(Beginning of Recorded data)

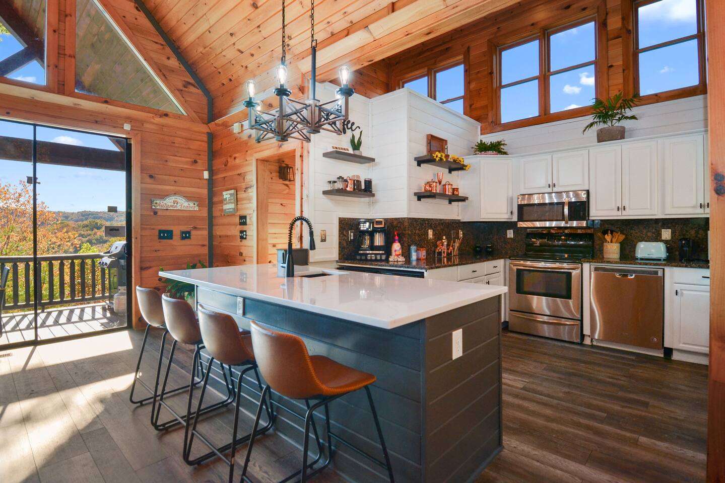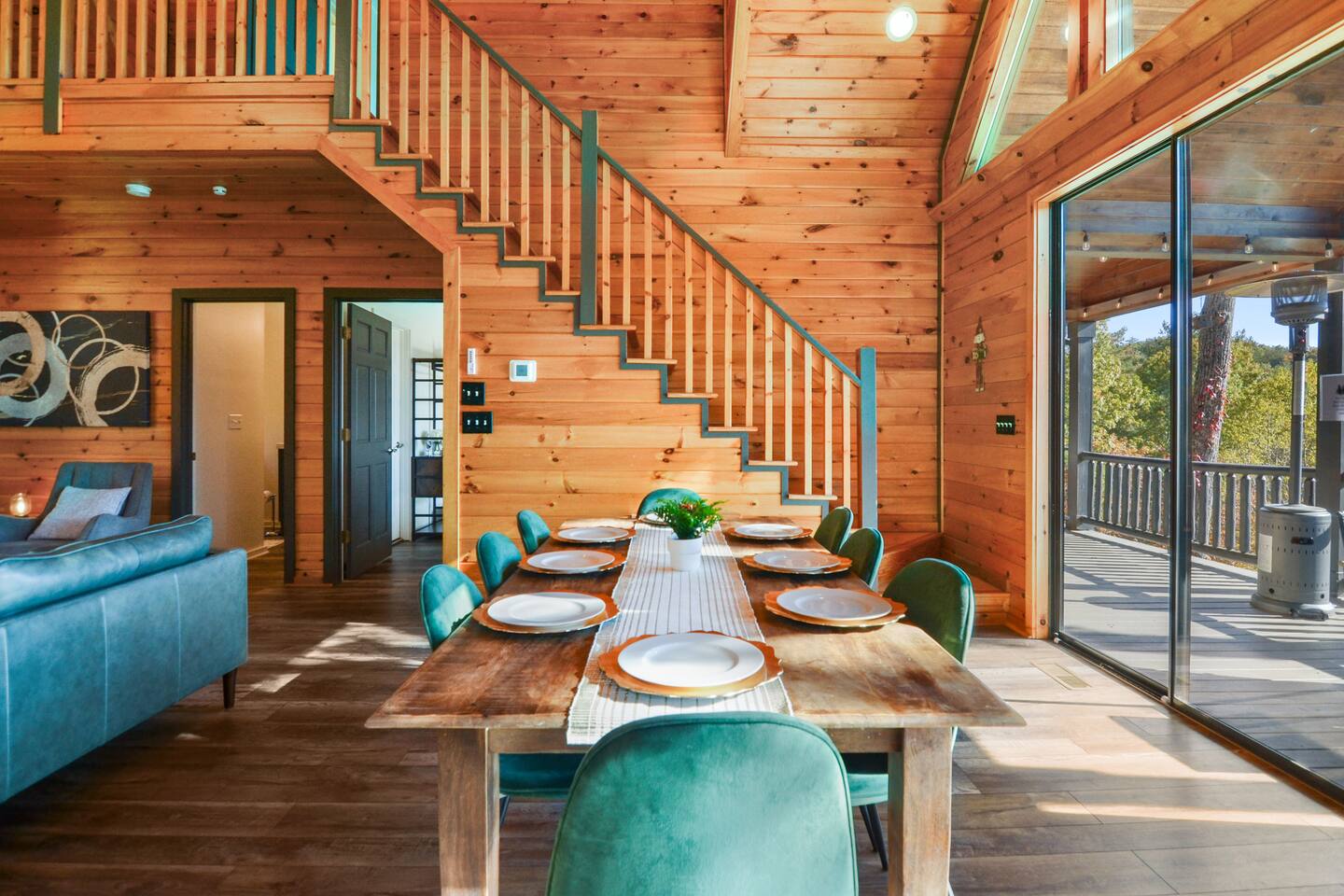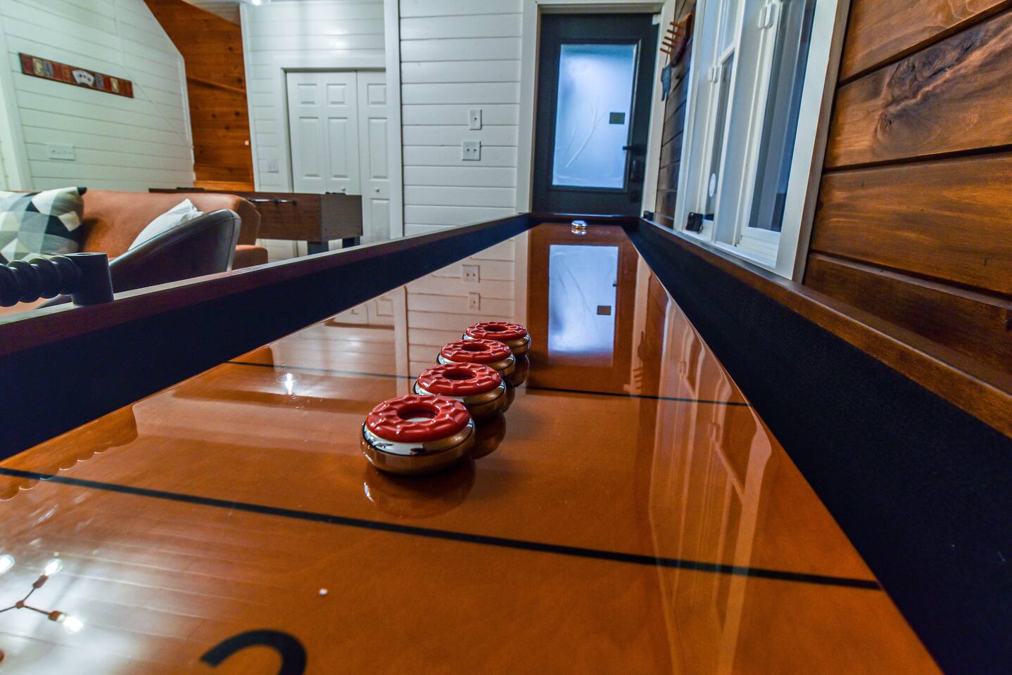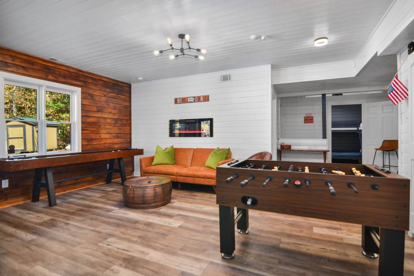 ★★★★★ "...Plenty of space, nice bedrooms, great kitchen, fun game room, and an amazing large deck with unforgettable views." •STUNNING VIEWS of the Cohutta Mountains •Luxurious Cabin •Massive Deck with electric fireplace & seating areas •Brand new Hot-Tub! •Weber grill •Fast 1GB Wi-Fi w/ YouTube streaming provided •Game room w/ shuffleboard, foosball & board games •Fully stocked kitchen •3 King beds. 1 sofa bed, 1 bunk bed twin over full
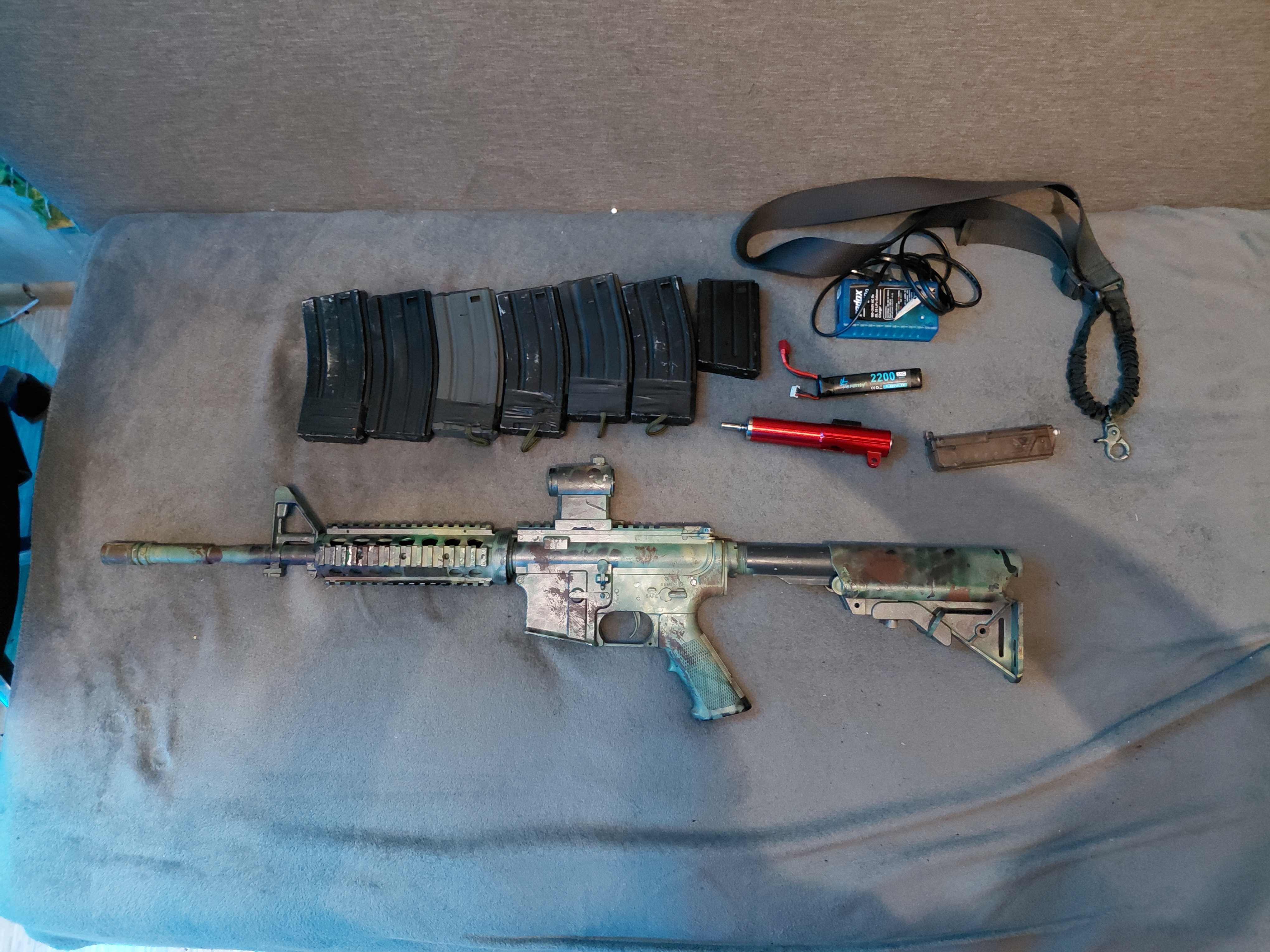 Witam Mam na sprzedaż zestaw z m4 od WE w legendarnym systemie Katana replika ma swoje lata strzela 1.3j na 0.20 na obydwu sprężynach replika do pielęgnacji, w zestawie do repliki dorzucam: -zapasowy wybrakowany cylinder -6 magazynków low cap do przeczyszczenia (blaszane) -1 hi cap -zawieszenie bungee -lipo 11.1v i ładowarka Odbiór osobisty w Bielsku-Białej Bądź wysyłka kurierem
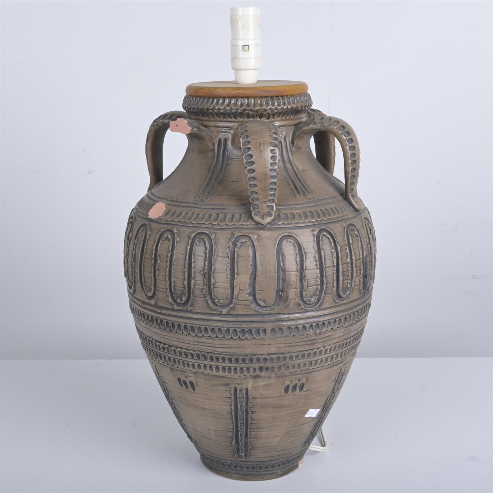 A TERRACOTTA TABLE LAMP, IN THE SHAPE OF AN URN (A/F) (62H X 32DIA CM)
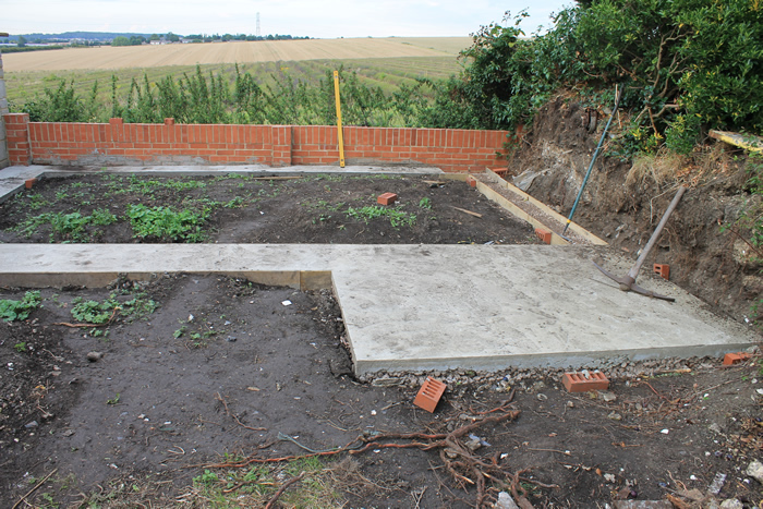 The first step is to mark out the area and then lay concrete pathways all around. There is also a slab for a shed which will form a part of the final build.

(End of Recorded data)

> [What you need to do]: What belongs in the answer is each line above from the line with "Witam Mam na" to the line with "A TERRACOTTA TABLE", inclusive, reproduced exactly and free of pictures.

> [Solution to the problem]:
 Witam Mam na sprzedaż zestaw z m4 od WE w legendarnym systemie Katana replika ma swoje lata strzela 1.3j na 0.20 na obydwu sprężynach replika do pielęgnacji, w zestawie do repliki dorzucam: -zapasowy wybrakowany cylinder -6 magazynków low cap do przeczyszczenia (blaszane) -1 hi cap -zawieszenie bungee -lipo 11.1v i ładowarka Odbiór osobisty w Bielsku-Białej Bądź wysyłka kurierem
 A TERRACOTTA TABLE LAMP, IN THE SHAPE OF AN URN (A/F) (62H X 32DIA CM)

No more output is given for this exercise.